Bother

So, I’m not saying I don’t have introverted tendencies. I probably do. While I like being in large, lively, groups I tend to be more quiet around people I don’t know. When I get to know people better, though, then I’ll talk non-stop. I’m not particularly good at small talk, though. There’s not much about the weather that hasn’t been thoroughly hashed through already.

I’m also careful about what I say. I have a peculiar sense of humor and I know that puts people off, sometimes. For some reason, people take me far too seriously when I’m saying something that (to me) is obiously ridiculous. It feels easier to keep my mouth shut than to explain what I’m talking about.

That makes it a little difficult for me to just walk up to somebody in a bar and start talking to them. The rare times when I have done something like that, it usually ended quickly.

The other day I was in the grocery store with my mother. I do things like that because I am a Good Son. Well, not really. But I try to be. Anyway, while walking around the aisles bored I saw what looked like an old woman in a frumpy dress. She had her back to me and was looking at product on the shelf.
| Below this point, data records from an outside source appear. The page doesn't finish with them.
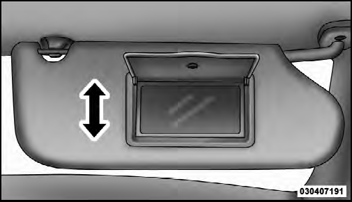 An illuminated vanity mirror is on each sun visor. To use the mirror, lower the sun visor and rotate the mirror cover upward. The lights will turn on automatically.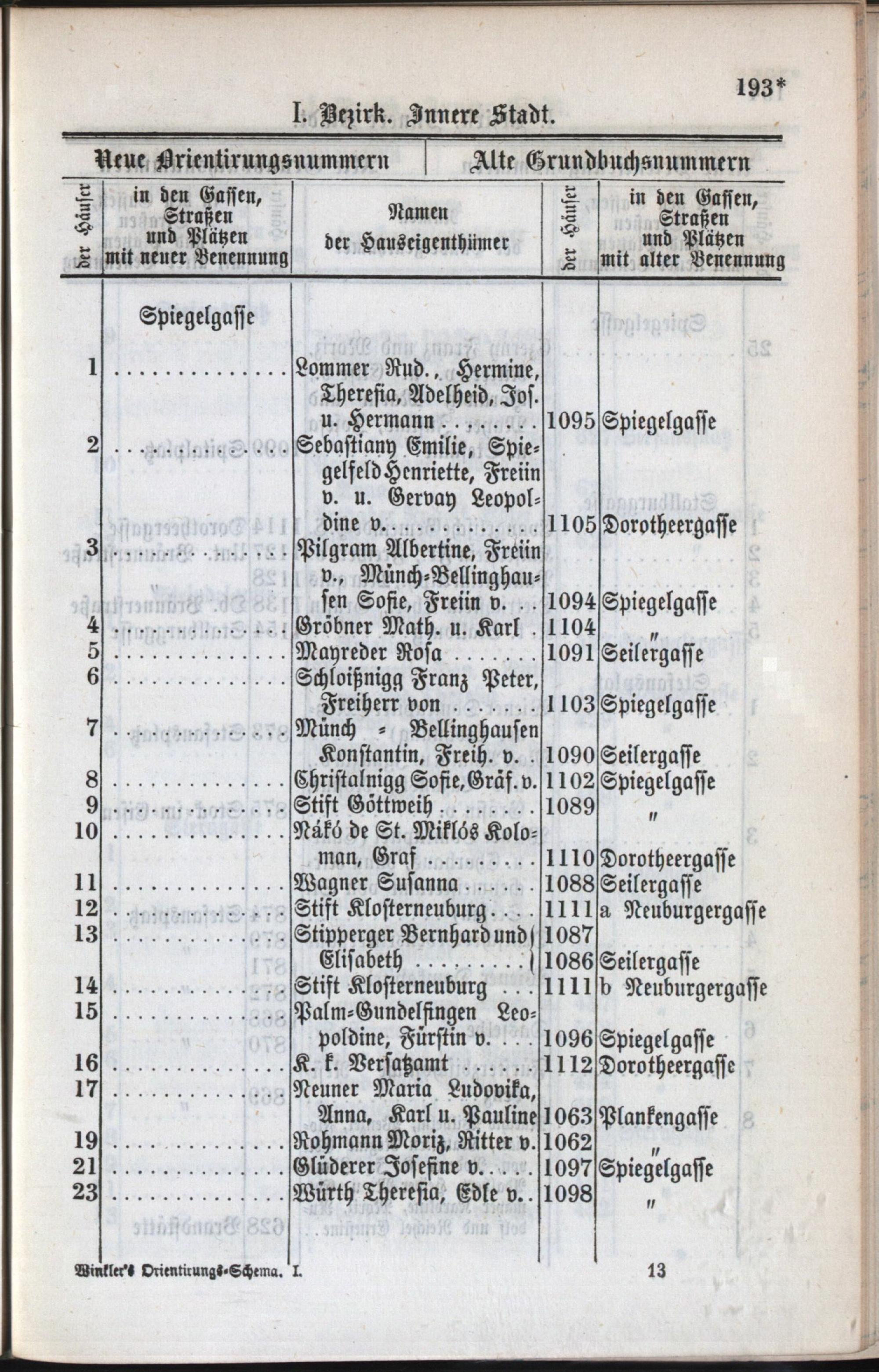 1: Stadt : Nachweis der alten und neuen Benennungen der Gassen, Straßen und Plätze in alphabetischer Ordnung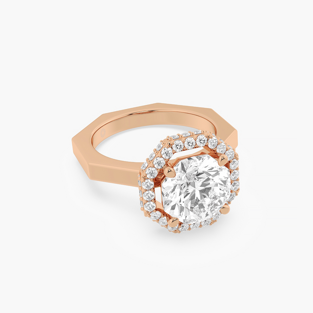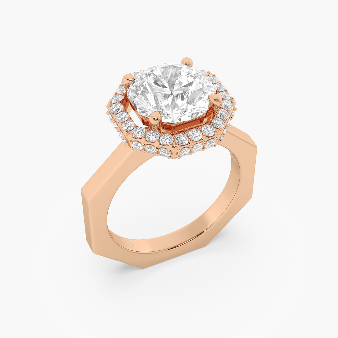 2.60 ctw (49 pcs) F VS1 Exclusive Lab Grown Ashth Cut Solitaire Diamond Engagement and Wedding Ring with Halo in 14k Rose Gold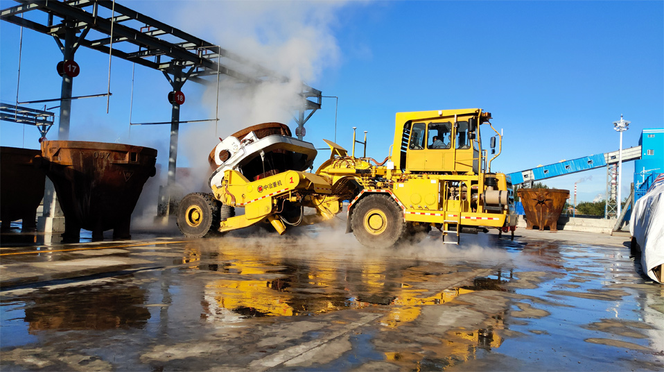 由中冶寶鋼研制的70噸鉸接式抱罐車,采用鵝頸鉸接型式,額定載重75噸,重載最高時(shí)速為每小時(shí)20公里,翻罐角度105度,最大爬坡能力8%,最小轉(zhuǎn)彎半徑9米。該車型應(yīng)用專利技術(shù)10項(xiàng),在國內(nèi)有色冶煉市場占有率超過75%,先后榮獲中國有色工業(yè)協(xié)會、中國鋼鐵工業(yè)協(xié)會科技獎,中國施工企業(yè)管理和中國循環(huán)經(jīng)濟(jì)協(xié)會專利獎等榮譽(yù)。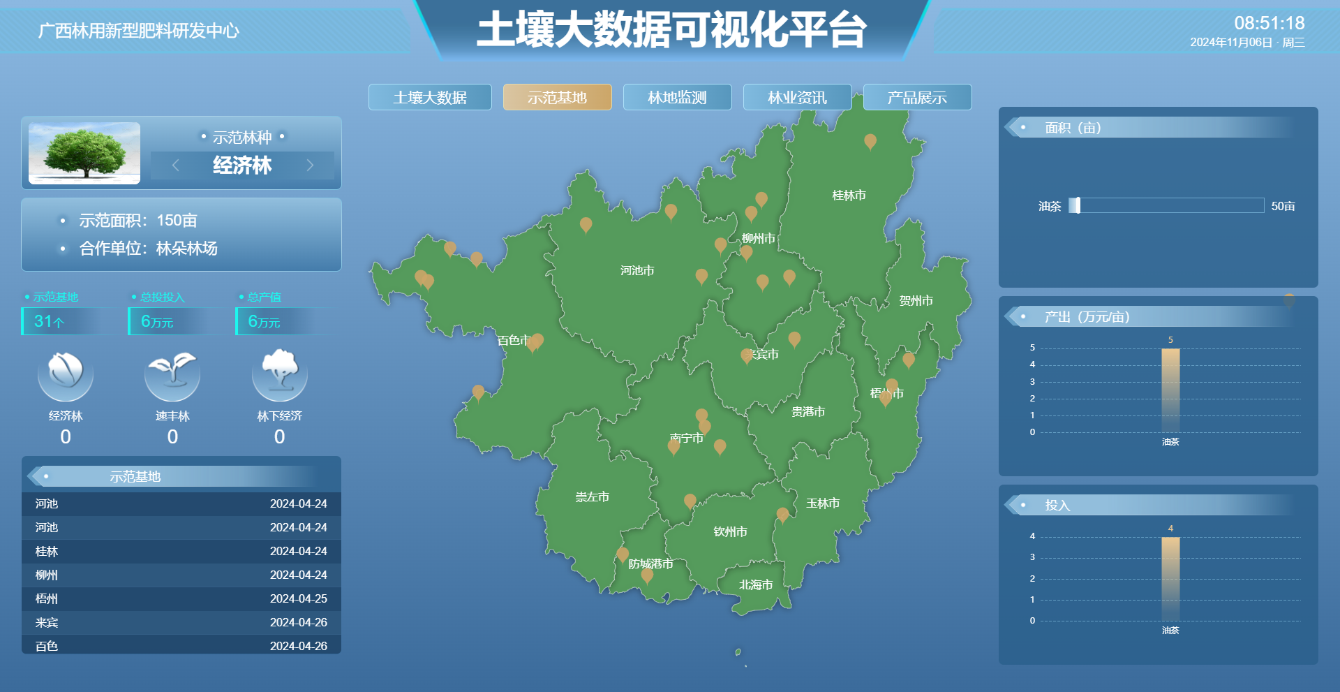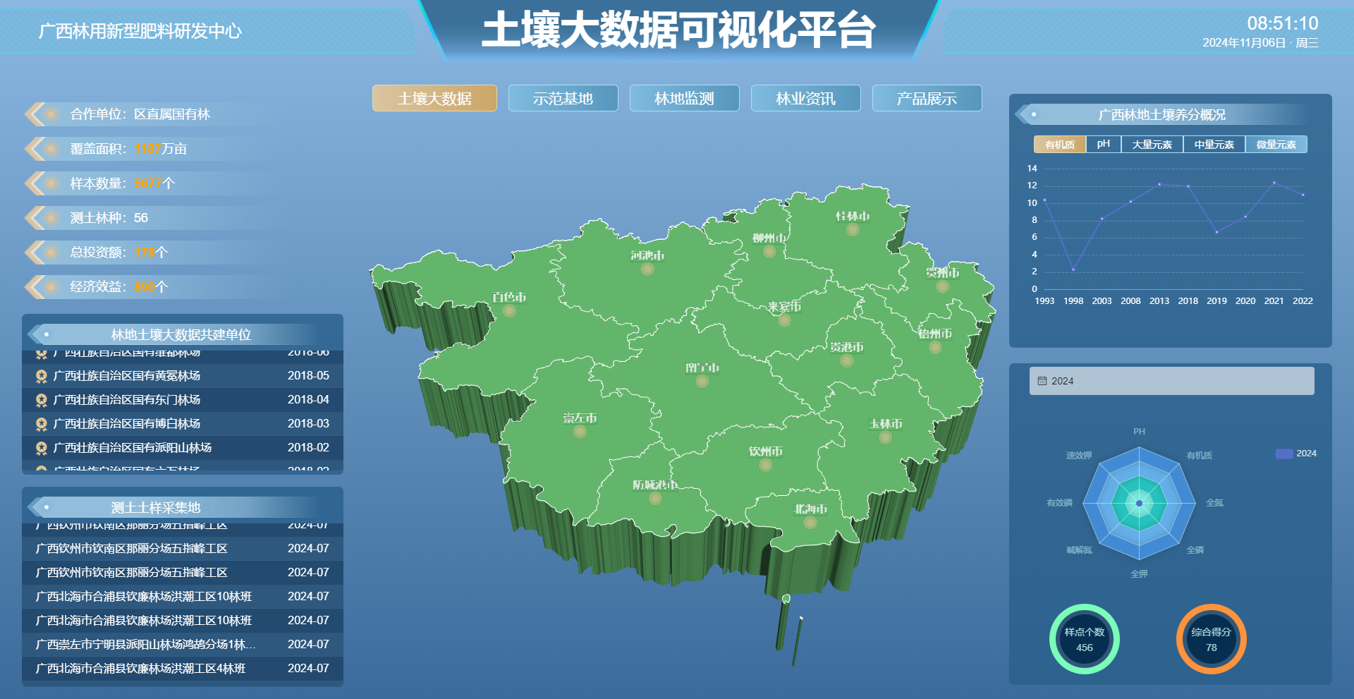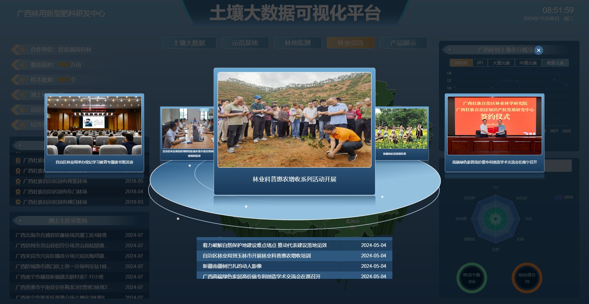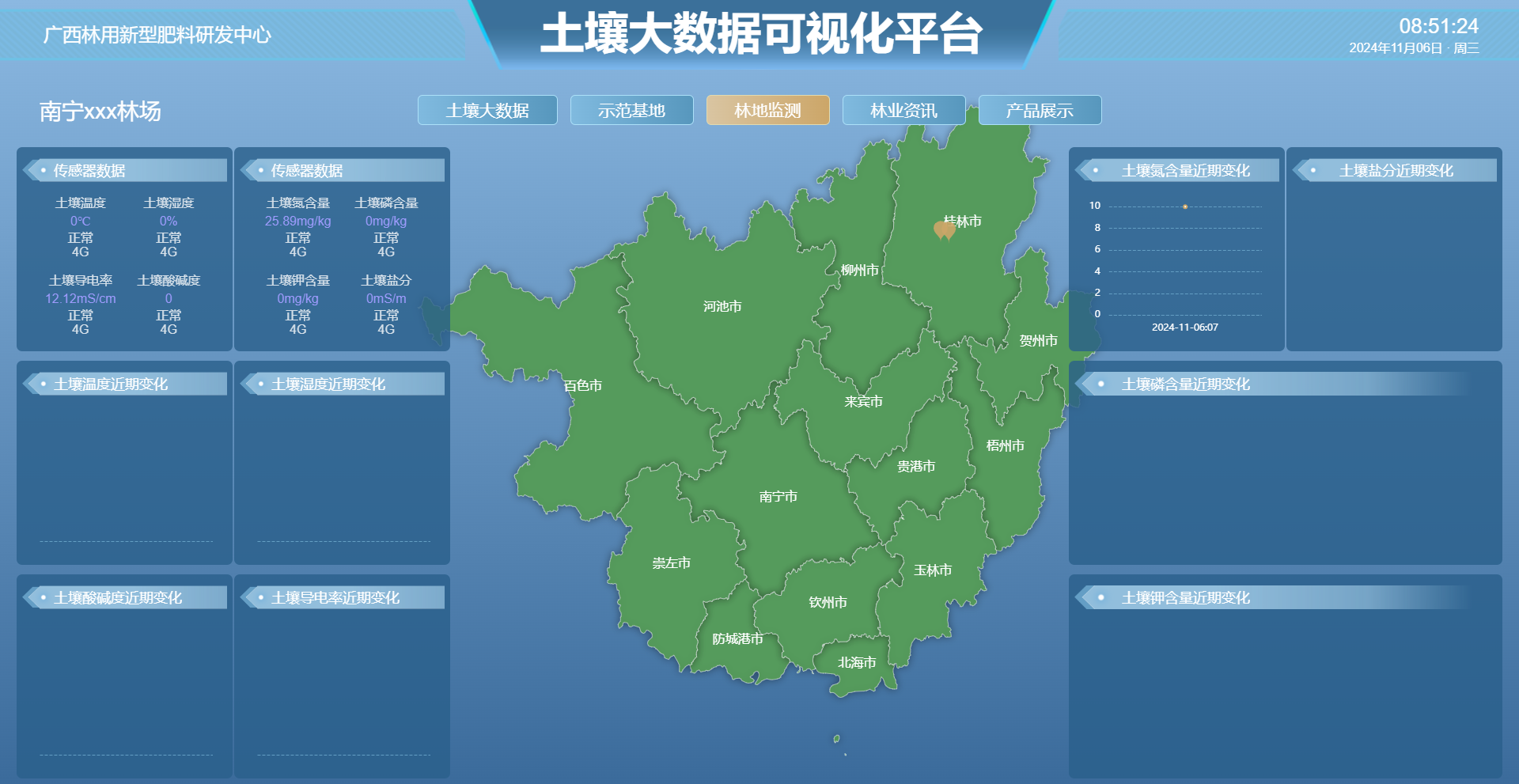 2024年,广西人工林土壤生态大数据平台建设及应用示范项目获得广西重点研发项目立项。该项目以“广西人工林土壤生态大数据平台”为基础,构建“云-边-端林地生态环境监测网络,研制多网融合数据采集智能终端、5G智能网关、土壤养分智能检测装置,研发林生态环境监测、测土配方精准施肥、土壤碳汇功能、预测分析及监测评估等应用,项目总投资1040万元,实施期内新增产值6000万元。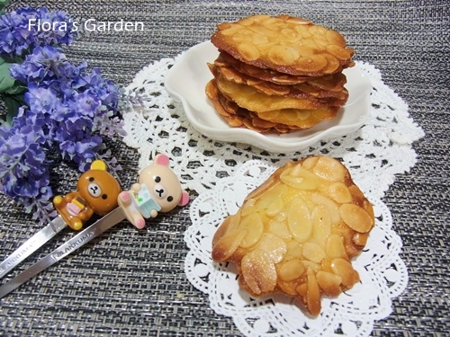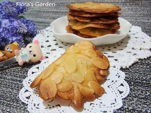 材料:蛋白40克;細白糖50克;融化奶油15克;低筋麵粉10克;香草醬1小匙;杏仁片100克(可做18片)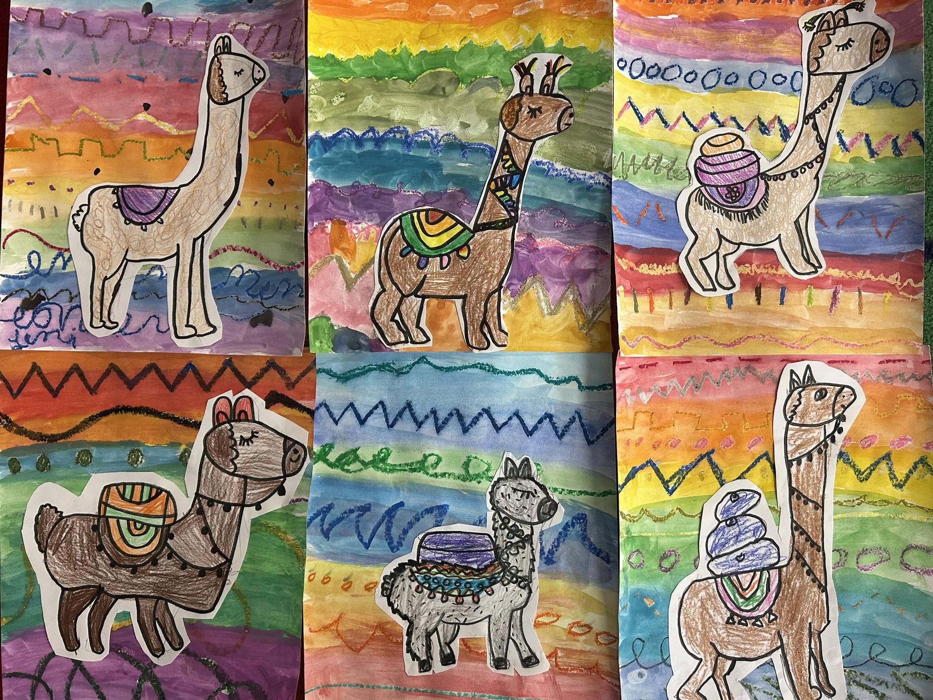 2nd grade artists learned all about different types of lines in their Line Llama project! They focused directly on drawing different types of lines for their background before using lines to draw a llama. And these artists truly blew me away when I saw how awesome their llama drawings turned out! They also got to experiment with an oil resist before they painted the backgrounds. They used oil pastels to decorate the background with lines before they painted with colorful watercolor paint on top, and because oil and water doesn’t mix you can still see all of the awesome lines beneath the paint!

I let my gaze drop down to the bottom shelf because I really had nothing better to do but look to see what gets consigned to the spot nearest the floor. I noticed that the old lady had nice legs. Furthermore, her feet looked suprisingly young.

Later, we ended up crossing paths again and she wasn’t old at all. I don’t know why she was dressed frumpily and I’m aware enough to know that asking would not be a good pick up line. Neither would, “Say, I notice you have nice legs and pretty feet.”

Maybe it would. I assume it wouldn’t. I would think a old guy paying attention to a woman’s feet in a grocery store would be a kind of creepy thing.

The other reason why I don’t go up to random people in bars is because I don’t go to bars. But also because I always feel like I’ll be bothering someone. I don’t want to bother people. I don’t call people because I feel like whenever I call it will be the wrong time to call. And who calls people these days? And I don’t have anyone to call. But if I did, I wouldn’t call them because I feel like I’d be interrupting something.

I mean, I know what I’m doing throughout the day, which is nothing, but I don’t know how busy other people are. Weird huh? Have I mentioned I have a therapist? That’s actually fodder for a whole other post.

Money

Due to the way my life was going a few years ago, I find that I have peculiar habits today. Back then I was always short of money (for a variety of reasons that had nothing to do with how I manage money but I won’t get into those reasons right now). After my life got worse, it got better.

I still remember the first time I went to the grocery store without checking to see if I had money in my bank account. It was a such a monumental feeling that I nearly cried walking to the car. It may not sound all that exciting but before then I had to check, make sure of how much was in there, what was due to come out, and then spend frugally, keeping track of my total down to the penny.

One might think that I went on a wild spending spree at that point, buying up stuff that I wanted and putting myself back into a hole. But, no, that’s not what happened. Instead, I ended up keeping most of the same habits.

You see, I can spend a lot of money if it’s on something I need. New tires for the car? No problem. Groceries? Also not a problem. Usually. Sometimes I’ll think I’m being a little too ‘gourmet’ and start putting things back that I don’t really need.

That’s where it all falls down, see. I have to need it. If it’s something I don’t need, but want then it’s a whole thing. For instance, four years ago I decided to get an iMac. I didn’t need one, I just wanted one. I had the money. I could have bought several. I started looking at the Apple website and figuring out which one I wanted and how much I was willing to spend. Then I waited because Apple might have introduced new ones or done some upgrades. Then I waited to see if some place would have a sale. Then I waited because it was nearly time for Apple to announce news models. Then I looked at the website again to look at prices.

I still don’t have an iMac. I still want one, but now I want the iMac Pro because it’s the most powerful one they have. There’s no way I’m spending $5,000 on a computer, though. So now I’m waiting to see what the new Mac Pro is about. Which I won’t get, either, because it will also be expensive, just like the last one was.

And that’s just how it is. I want an iPad, but I won’t get one. My mom wants an iPad and she’ll be getting one for her birthday. That I can do.

That’s why it’s a shame that there’s not a woman who wants to date me. I’d be all about going on trips and dinners and doing things and whatever. I won’t do them for me (if it’s just me), but it would make me happy to do things for someone else if it would make them happy.

On another note: I disappointed myself today. I was going to go on a drive, take pictures, pick up some bagels and, generally, do stuff. I even got up early to do it. Then I decided I didn’t feel like it. Then I went out grocery shopping at 10am and saw that it was 93F already. So… probably a good thing I didn’t go. It would have been a six hour trip, all told.